DATASET EXCERPT:

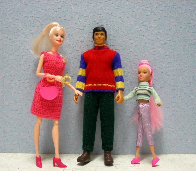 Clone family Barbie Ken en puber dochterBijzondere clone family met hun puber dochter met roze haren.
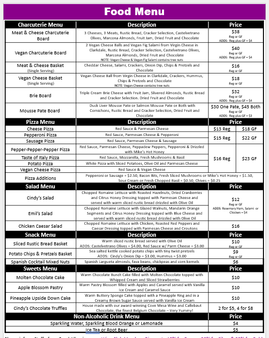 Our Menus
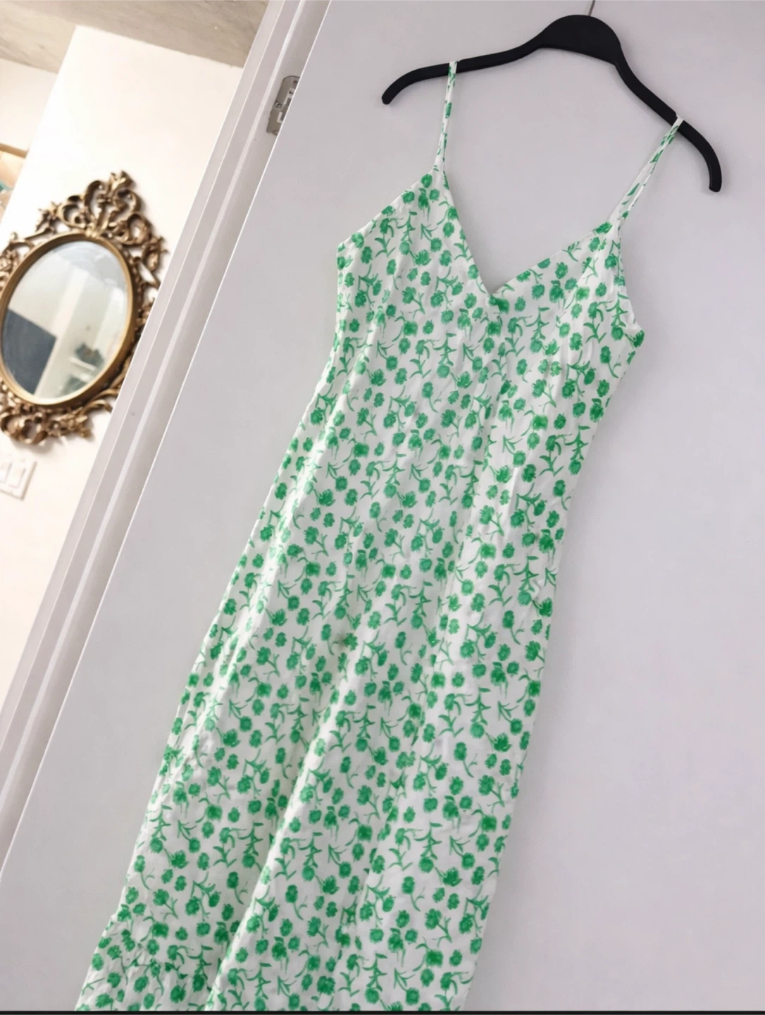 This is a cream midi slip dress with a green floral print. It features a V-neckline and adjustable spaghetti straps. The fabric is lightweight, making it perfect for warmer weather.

DIRECTIONS: A verbatim copy of the listing is required, with all pictures left out.

RESULT BELOW:
 Clone family Barbie Ken en puber dochterBijzondere clone family met hun puber dochter met roze haren.
 Our Menus
 This is a cream midi slip dress with a green floral print. It features a V-neckline and adjustable spaghetti straps. The fabric is lightweight, making it perfect for warmer weather.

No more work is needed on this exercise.